[Provided material]

————

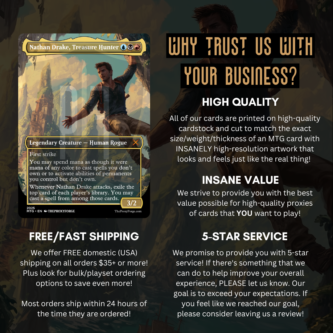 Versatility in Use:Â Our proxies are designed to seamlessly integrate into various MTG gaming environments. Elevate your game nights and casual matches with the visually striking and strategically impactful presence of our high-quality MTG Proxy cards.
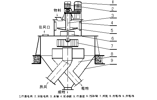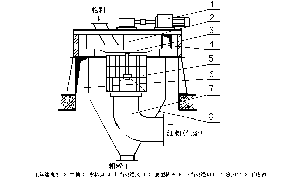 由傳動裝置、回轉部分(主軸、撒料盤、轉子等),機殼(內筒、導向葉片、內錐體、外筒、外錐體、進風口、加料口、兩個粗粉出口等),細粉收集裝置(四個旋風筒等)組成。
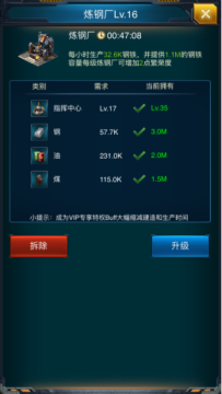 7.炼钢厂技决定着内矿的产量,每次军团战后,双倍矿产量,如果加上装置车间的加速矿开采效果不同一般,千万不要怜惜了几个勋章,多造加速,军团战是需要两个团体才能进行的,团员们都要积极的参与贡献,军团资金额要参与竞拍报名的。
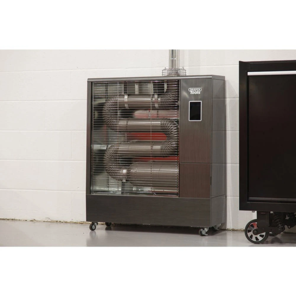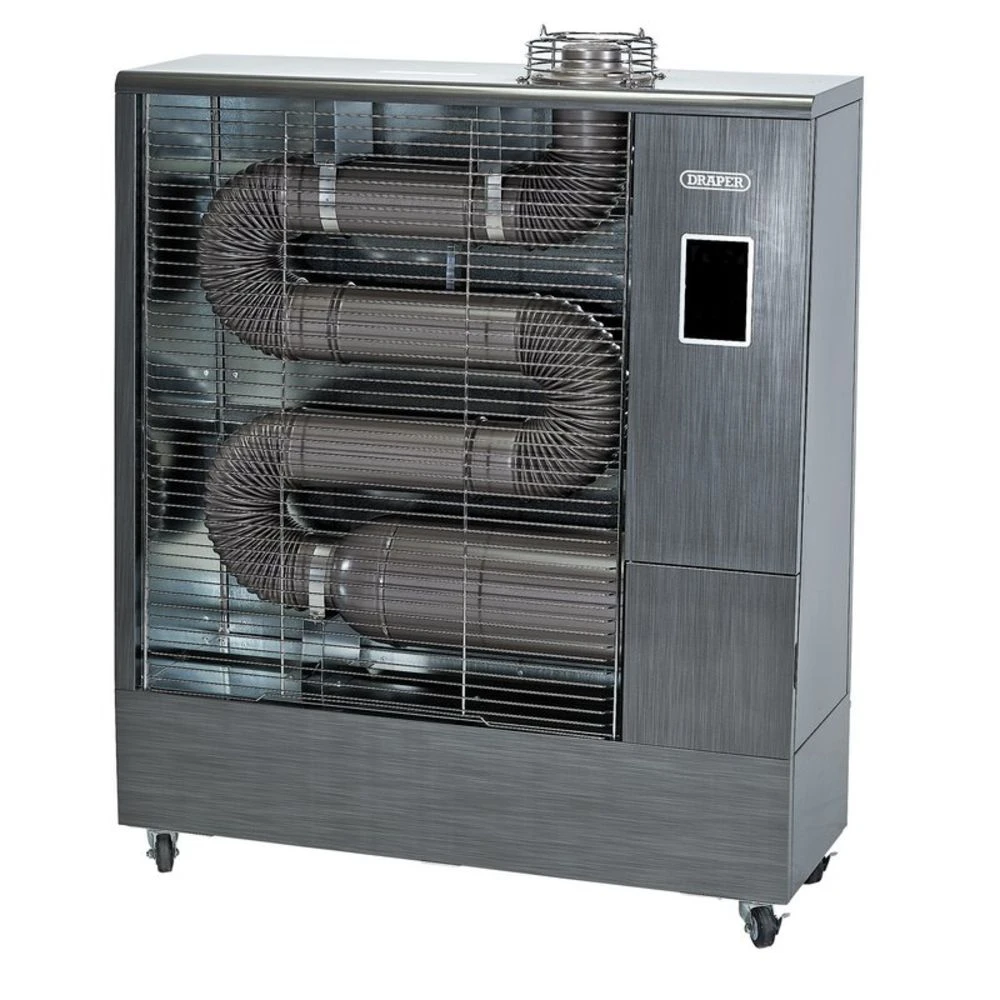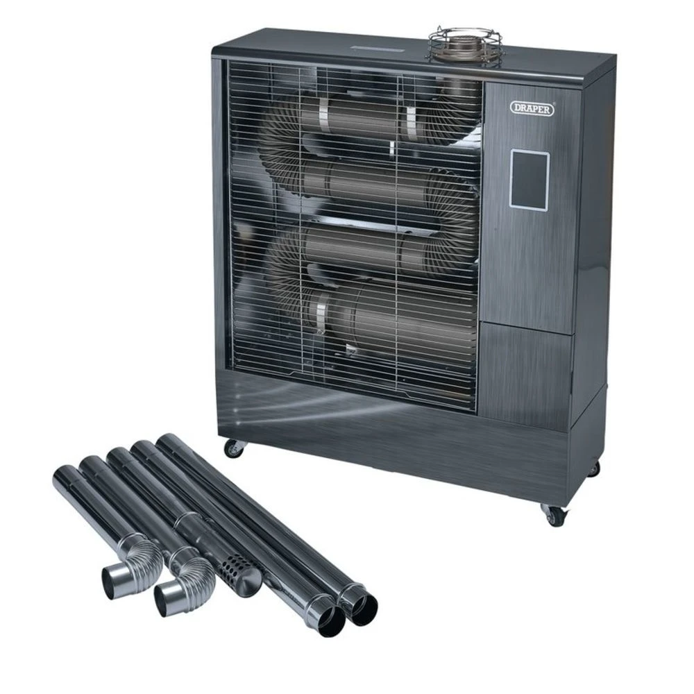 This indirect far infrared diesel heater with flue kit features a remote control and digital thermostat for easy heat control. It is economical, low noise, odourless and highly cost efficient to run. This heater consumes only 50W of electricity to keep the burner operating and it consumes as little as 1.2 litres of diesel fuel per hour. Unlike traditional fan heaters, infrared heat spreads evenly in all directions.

————

[Work item] The response has to be an exact copy of all the data, pictures excluded.

[Solution below]
 Versatility in Use:Â Our proxies are designed to seamlessly integrate into various MTG gaming environments. Elevate your game nights and casual matches with the visually striking and strategically impactful presence of our high-quality MTG Proxy cards.
 由傳動裝置、回轉部分(主軸、撒料盤、轉子等),機殼(內筒、導向葉片、內錐體、外筒、外錐體、進風口、加料口、兩個粗粉出口等),細粉收集裝置(四個旋風筒等)組成。
 7.炼钢厂技决定着内矿的产量,每次军团战后,双倍矿产量,如果加上装置车间的加速矿开采效果不同一般,千万不要怜惜了几个勋章,多造加速,军团战是需要两个团体才能进行的,团员们都要积极的参与贡献,军团资金额要参与竞拍报名的。
 This indirect far infrared diesel heater with flue kit features a remote control and digital thermostat for easy heat control. It is economical, low noise, odourless and highly cost efficient to run. This heater consumes only 50W of electricity to keep the burner operating and it consumes as little as 1.2 litres of diesel fuel per hour. Unlike traditional fan heaters, infrared heat spreads evenly in all directions.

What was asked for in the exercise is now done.